Compretta says the lack of social workers with the Department of Human Services continues to be a problem on the Coast.
He is impressed with some of the new leadership of the Coast’s legislative delegation and feels there’s more unity among the whole group than it sometimes appears.
“On issues that directly affect us, we’re always together,” he said, “but it’s a very diverse group. Other areas in the state are not as diverse at the Coast. We have people moving in all the time from other places. Our population is diverse where other areas are settled in and not changing.”
Sen. Tommy Moffatt, a Republican from Gautier, serves as chairman of the Senate Environmental Protection Committee. He will introduce brownfields legislation this session that will provide incentives for cities, counties and businesses to clean up contaminated places to be used for business purposes. It’s an issue that is important to the Coast, along with other state areas, and he feels its time has come.
“I introduced it last year and it was passed out of the House but not the Senate,” he said. “I will run it through again and believe it will pass.”
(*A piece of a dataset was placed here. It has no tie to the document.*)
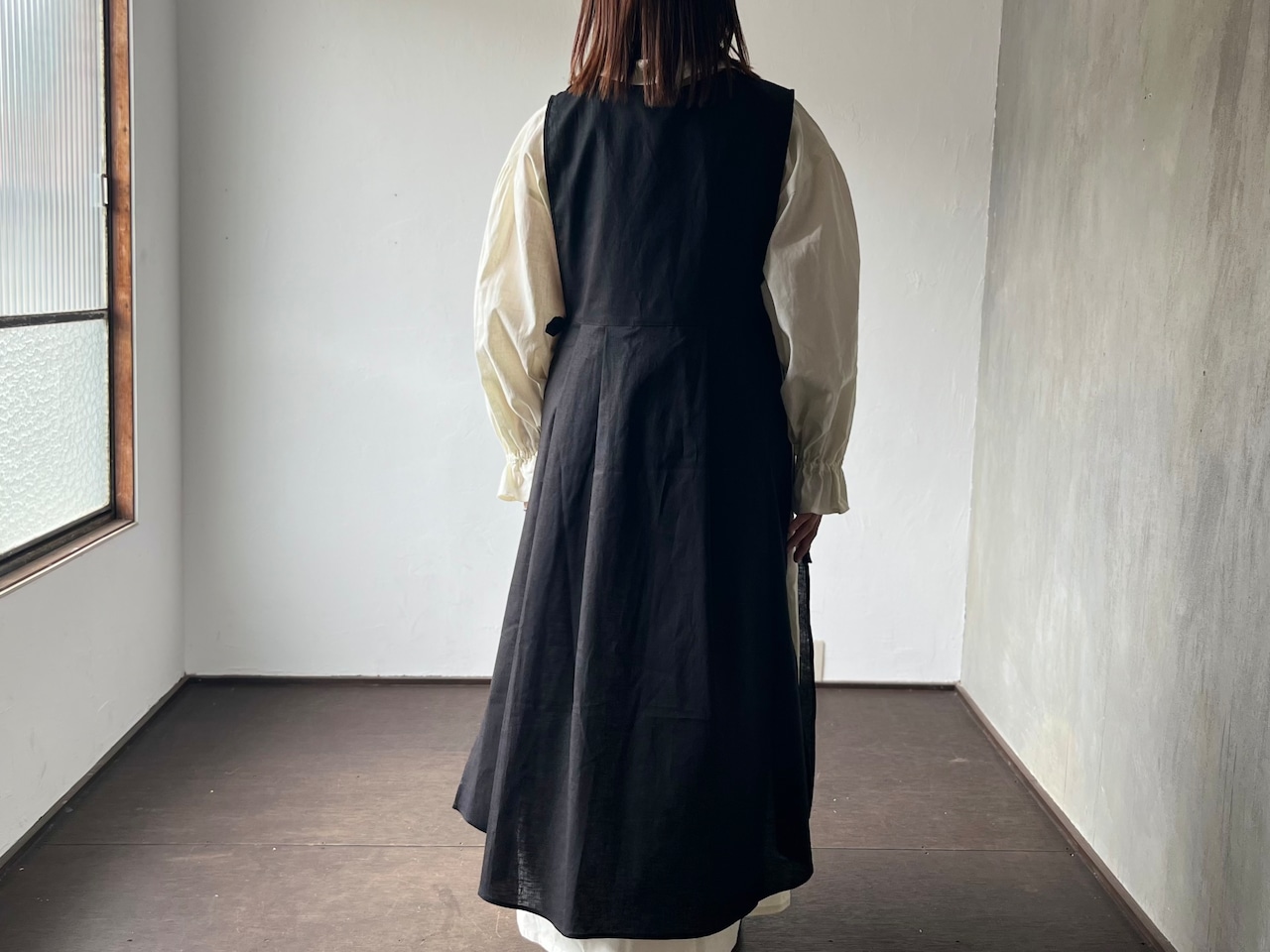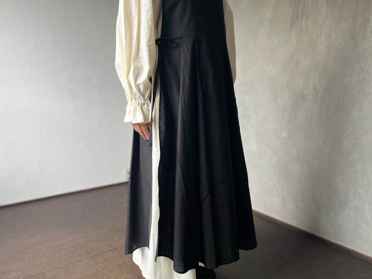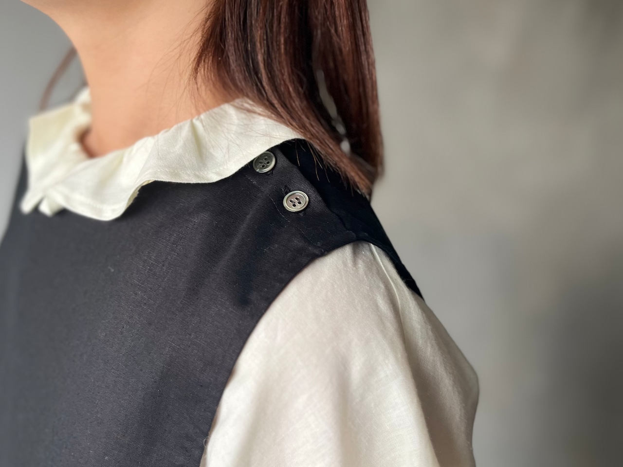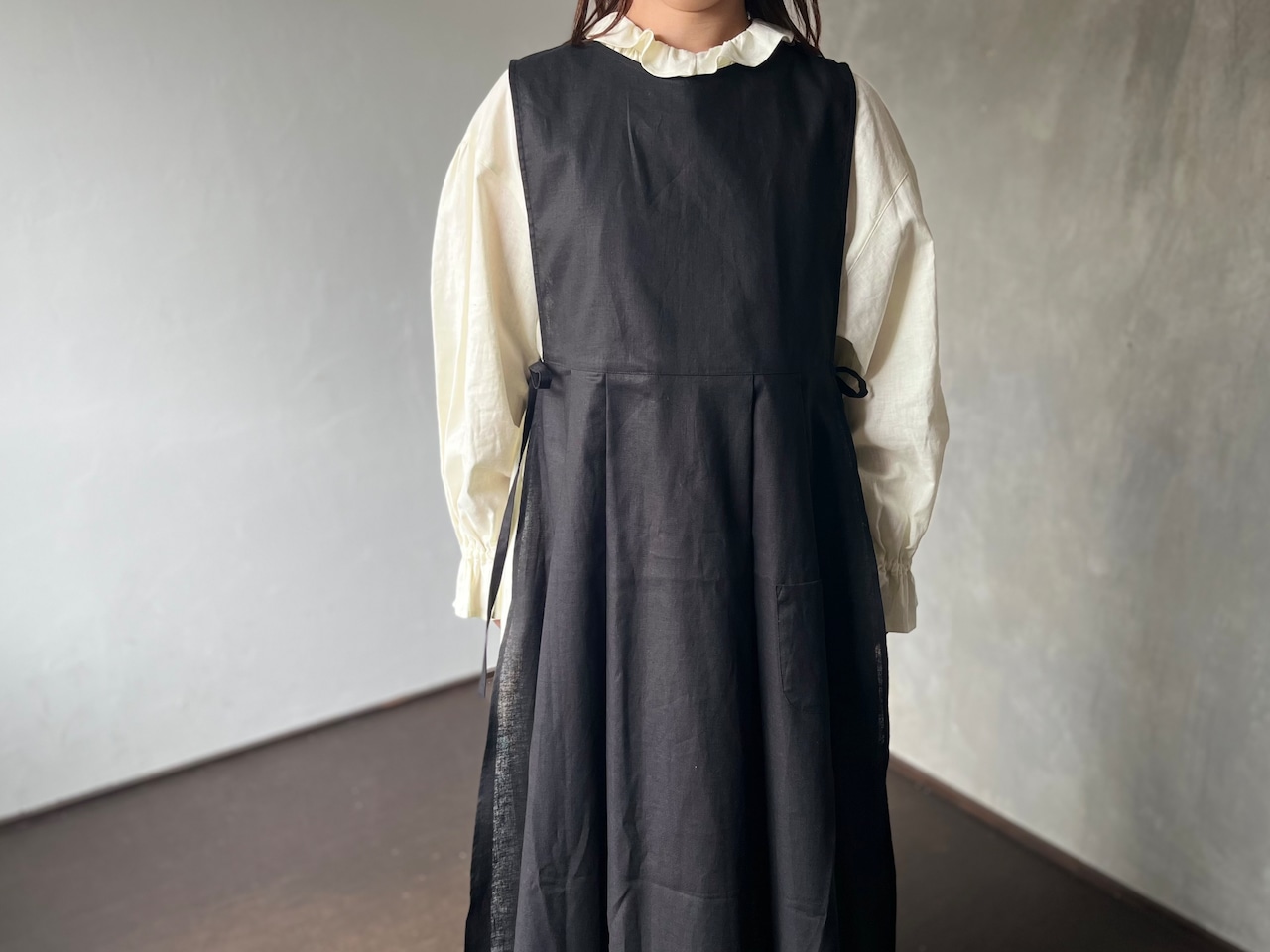 サイドの紐の結び方が2パターンのアレンジが出来るエプロン型のワンピースです。 紐を前後に結ぶとウエストマークができメリハリがつきます。 両サイドで結ぶとふわりとしたシルエットになり、中に着るワンピースやパンツなどの合わせ方を楽しめます。 緩やかなVネックと装飾をなくした胸あてがすっきりと大人の女性のコーディネートにほどよく寄り添ってくれます。 左肩に2個ついた貝ボタンがアクセントであり着脱も楽にしていただけます。 小さなポケットには小さなレースのハンカチやハーブのポプリをそっと忍ばせてみるのもおすすめです。

Retired from a 35-year career with Ingalls Shipbuilding, now Northrup Grumman, he feels that once again the bonding requested by Northrop Grumman for economic development is important to the district he represents. “There’s one more year on this funding, and I don’t think it will be controversial. They’re the state’s largest private employer, and I think we’ll move forward with it.”
In his 10th year of legislative service, Rep. Dirk Dedeaux of North Hancock County feels that having the House speaker pro tem from the Coast gets the area more attention. He is pleased too with the additional leadership positions fulfilled by members of the delegation. He serves as chairman of the Performance Evaluation and Expenditure Review Committee (PEER) in the house.